All strategic plans are perfect on paper in a theoretical static world. However, no strategic plan ever survives confrontation with the ever-changing realities of business and your perception of them. A robust strategy is one that can adapt rapidly to change in the environment as well as to change in your understanding of that environment. Below are three behaviors and practices for robust strategy common to my most successful clients.
1. At least one internal team of people regularly plots against your business like a competitor.
You can take preventative action or plan for contingencies when you have an understanding of possible threats and risks to your business. Playing the role of determined competitors helps you achieve that understanding.
Overenthusiasm for a strategy, evangelizing strategy, and insisting on positive thinking and buy-in can result in being blindsided by foreseeable competitive threats. There is no reason both Kodak and FujiFilm could not have foreseen the rapid demise of film much earlier than they did. After all, their best employees are just as smart as the product developers at Nikon and Canon.
I was recently participating in an exclusive forum of company CEOs in which an industry expert suggested the blockchain technology could be used for greater data security. If I wanted to plot against Amazon and Google’s data storage businesses, this is what I would be looking at.
Managers at both those companies would be crazy to avoid thinking about how you would bring down their own business if nothing more than to be aware of credible threats to your business and have enough early warning either to mitigate them or eliminate them entirely. You would be too.
2. Strategy reviews include reassessing underlying assumptions, not just progress against KPIs.
A critical assumption upon which a strategy is based can turn out to be wrong, even if you got it right at the outset. Regular reassessment of assumptions can help avert a major failure, or at least provide early enough warning to mitigate damage.
As part of its strategy, a Japanese chemical manufacturer, whose plants are all located in Japan, decided to invest in building a factory in Southeast Asia based on an assumption that customers wanted Japanese quality products at a reduced cost. While that assumption might have been right at one time, they later found that customers wanted quality, but not necessarily Japanese standards. They realized only too late that customers were satisfied with a product that had good-enough quality at a lower cost, after having made a nine-figure investment in the plant that is unlikely ever to provide a net positive return.

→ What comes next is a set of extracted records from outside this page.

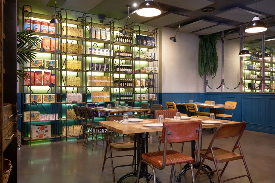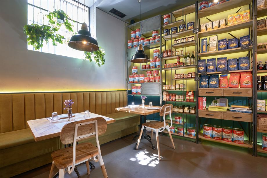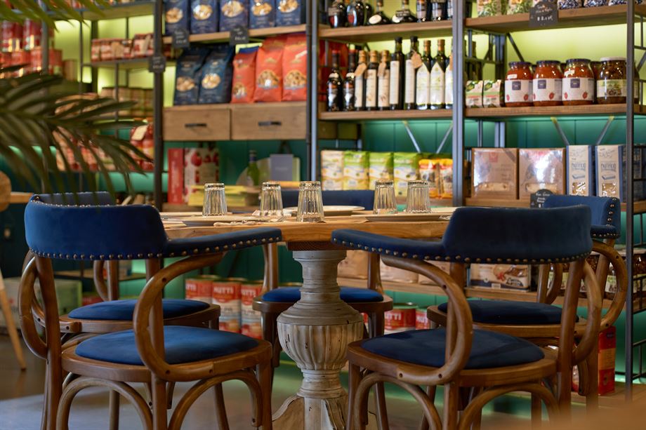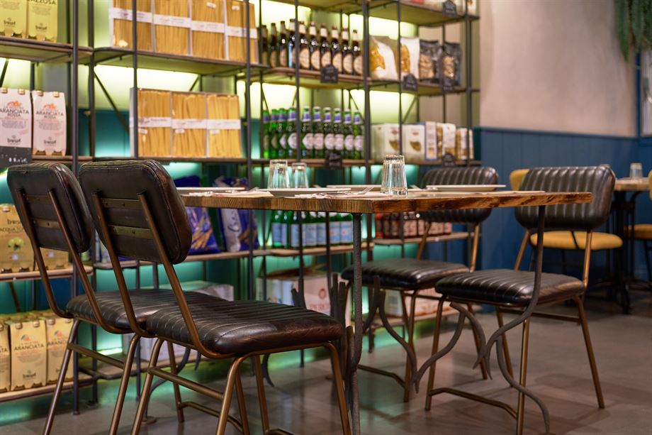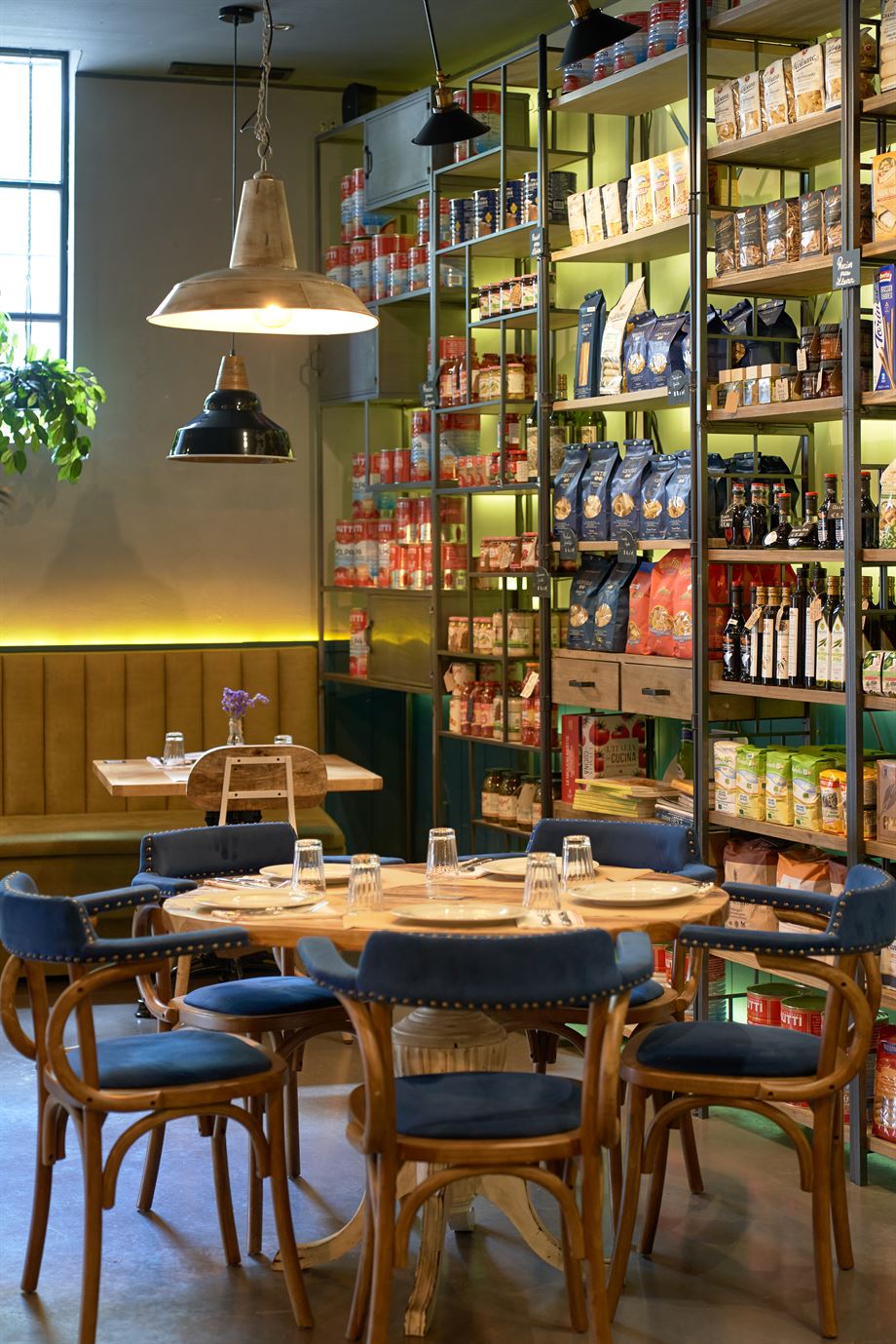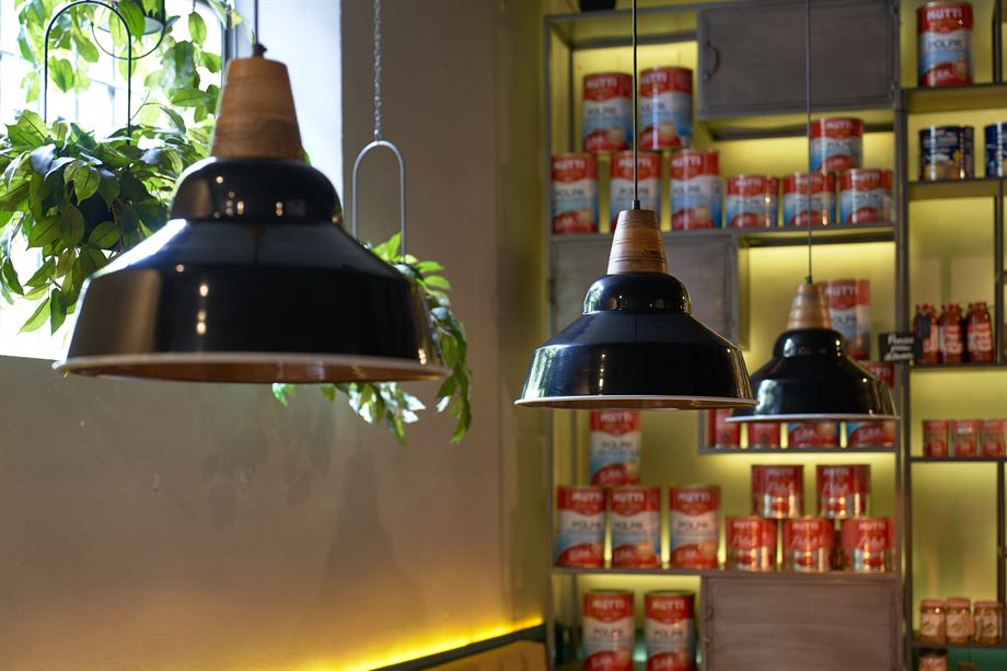 A large shelf dominates the main wall, where Italian products that you can take home are decoratively displayed.
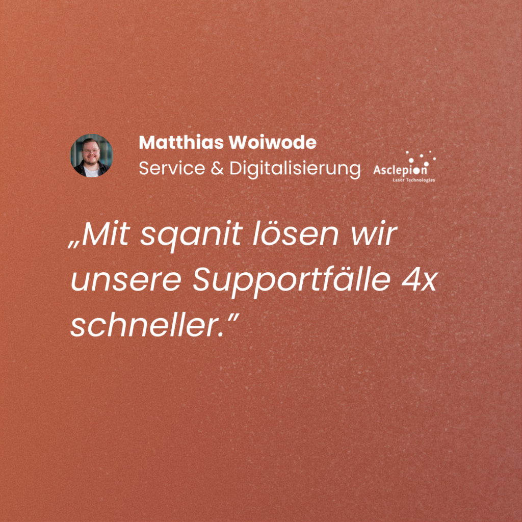 Highlights auf einen Blick • 4x schnellere Falllösung• Tickets in Ø41 Minuten geschlossen• Time to Value innerhalb weniger Wochen Erfahren Sie, wie sqanit auch Ihren Service digital stärkt: Kontakt aufnehmen. Über Asclepion Laser Technologies Asclepion gehört zu den weltweit führenden Herstellern medizinischer Lasersysteme für die ästhetische Medizin und Chirurgie. Geräte wie NanoStar, AlexStar, Dermablate […]
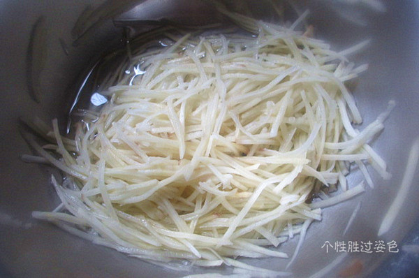 土豆去皮切成火柴杆粗细的丝,用水泡去多余淀粉
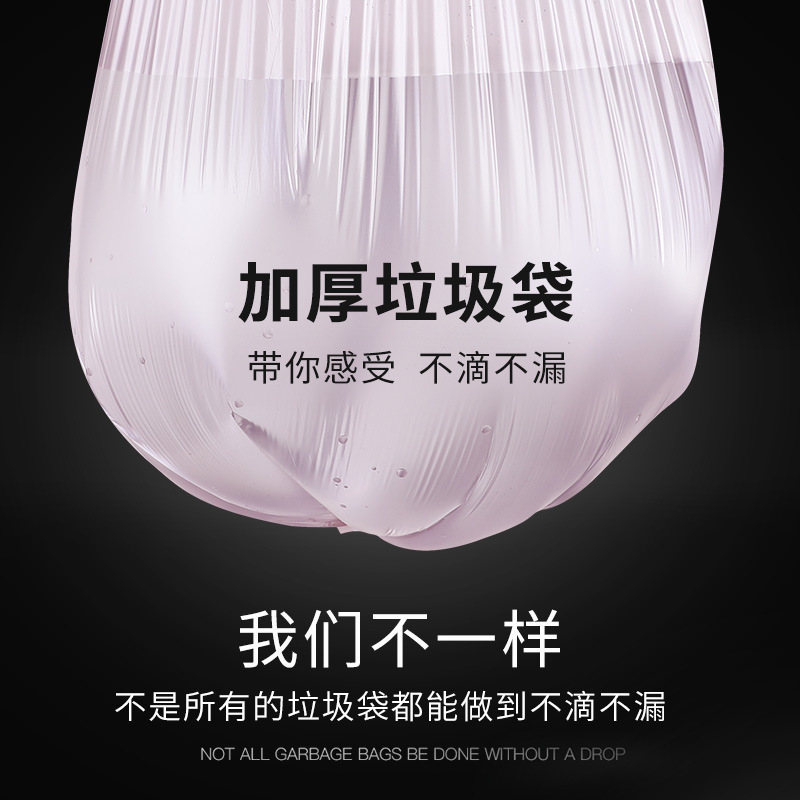 3连包自动收口束口穿绳垃圾袋 抽绳式厨房加厚塑料袋支持定制
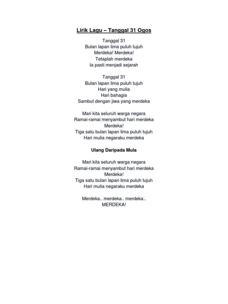 Lirik lagu tanggal 31 ogos. Tanggal 31 bulan lapan lima puluh tujuh hari yang mulia hari bahagia sambut dengan jiwa yang merdeka. Tetaplah merdeka ia pasti menjadi sejarah tanggal 31 bulan lapan lima puluh tujuh hari yang mulia hari bahagia sambut dengan jiwa yang merdeka. Lirik lagu sudirman tanggal 31 ogos tanggal tiga puluh satu bulan lapan lima puluh tujuh merdeka merdeka tetaplah merdeka ia pasti menjadi sejarah tanggal tiga puluh satu bulan lapan lima puluh tujuh hari yang mulia hari bahagia sambut dengan jiwa yang merdeka mari kita seluruh warga negara. Tetaplah merdeka ia pasti menjadi sejarah.
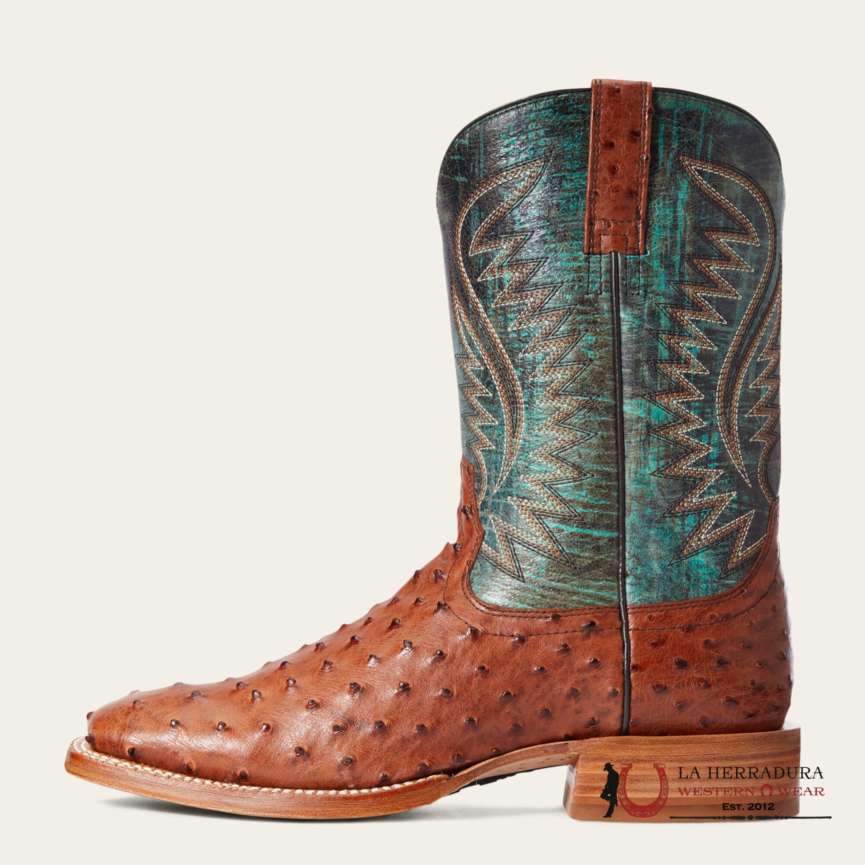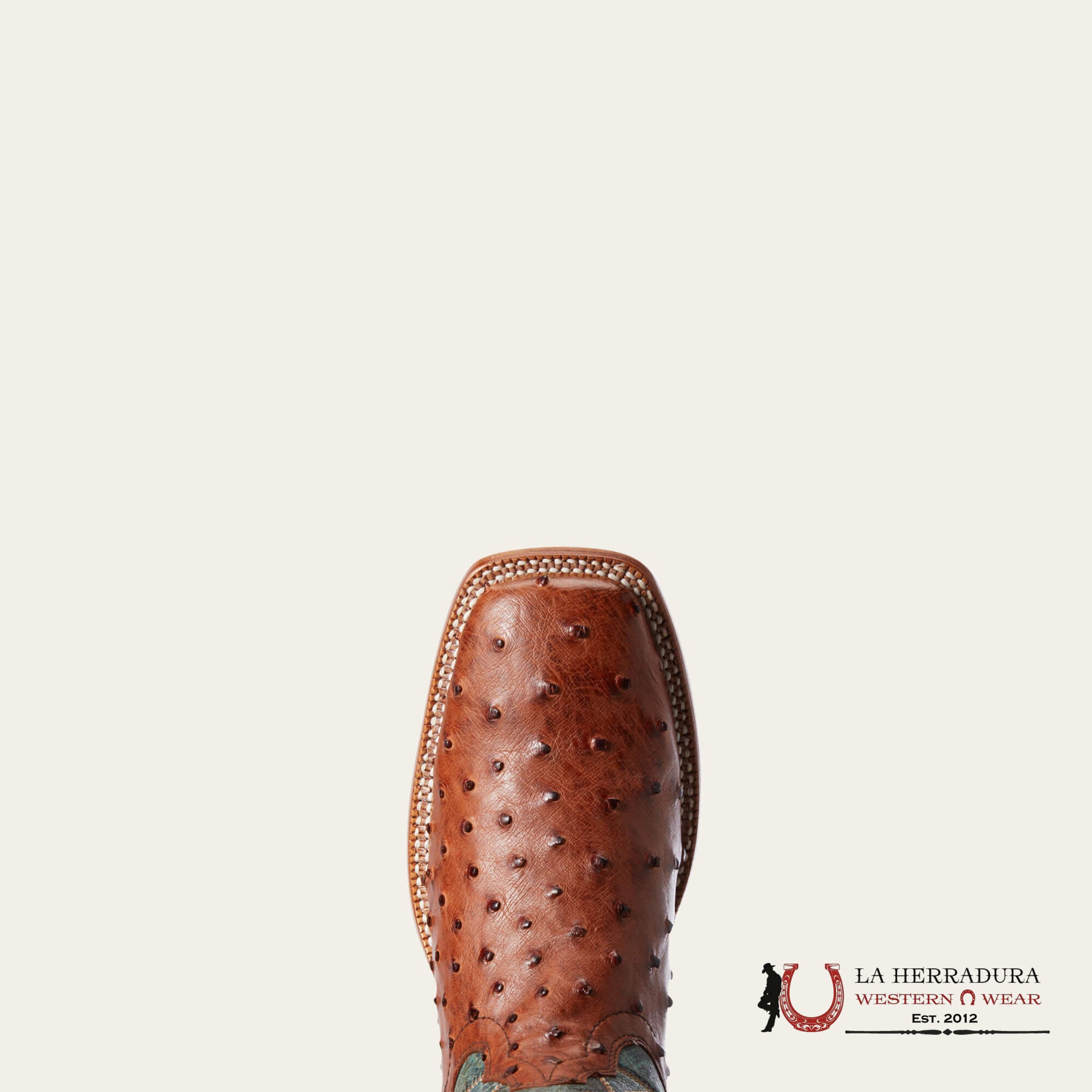 MENS ARIAT GALLUP BRANDY FULL QUILL OSTRICH/TURQUOISE 10034113
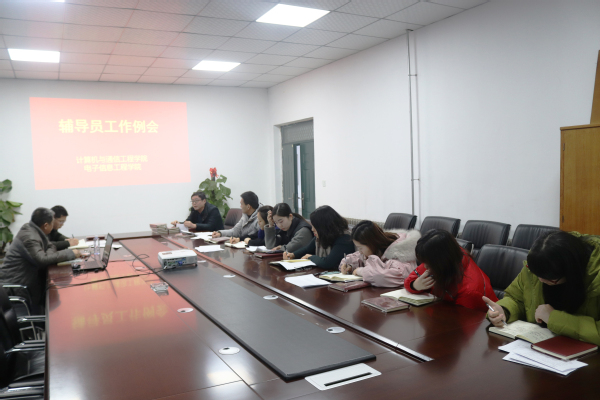 为进一步加强学生工作和辅导员队伍建设,交流工作经验,提高工作能力,有序推进期末各项工作的顺利开展,1月8日下午15:00,计算机与通信工程学院(电子信息工程学院)在学院楼226会议室,召开全体专兼职辅导员工作例会。会议由分团委书记沈高峰主持,全体专兼职辅导员参加此次会议。
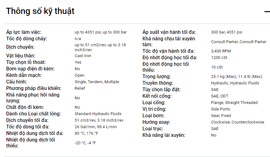Bơm bánh răng Parker PGP130 bền bỉ, hiệu suất cao nhờ cấu tạo gang.

Despite this disaster, in every strategy review convened at the Japanese company, KPIs for the new plant initiative were all tracking green—that is until the company went to market!
3. At least one part of the strategy is unprecedented and challenges industry or market norms.
There is no such thing as change management. You either make change yourself or otherwise change makes you.
The CEO of a large retail chain in Japan dedicated one team of managers to identify new products and develop new marketing approaches whose risk of failure were high, but potential return for the business was also substantial. A portion of the budget was always set aside for these initiatives with the understanding that most would likely fail. Enough succeeded to make the initiatives worthwhile. At the same time, learning from both the successes and failures help improve other parts of the business to achieve better results when it comes to execution in other parts of the strategy.
One of my most successful clients regularly abandons ten percent of their business, no matter how successful, in order to make room for new growth.
Nothing makes your business more resilient than forcing a degree of change upon it, whether needed or not, with regular discipline. Share on XHow does your company develop and execute strategy?
If all three of the behaviors and practices above describe your company, then your company likely has a consistently robust strategy and is achieving excellent business results.
If your company does two of the three, then your company likely has only capricious robustness in strategy and inconsistent business performance. Most managers likely handle change in the business environment with a degree of aplomb, whereas others are tentative to act.
If your company does only one or none, then your company’s strategy is likely fragile. Most managers are likely resistant to change and slow to adapt. When business results fail to meet targets, it is likely that most managers rarely examine their own business practices and instead blame factors and failures in the market, economy, or others in their own company—such as people marketing, research and development, production, etc.
Where does your company stand and what do you think you ought to change?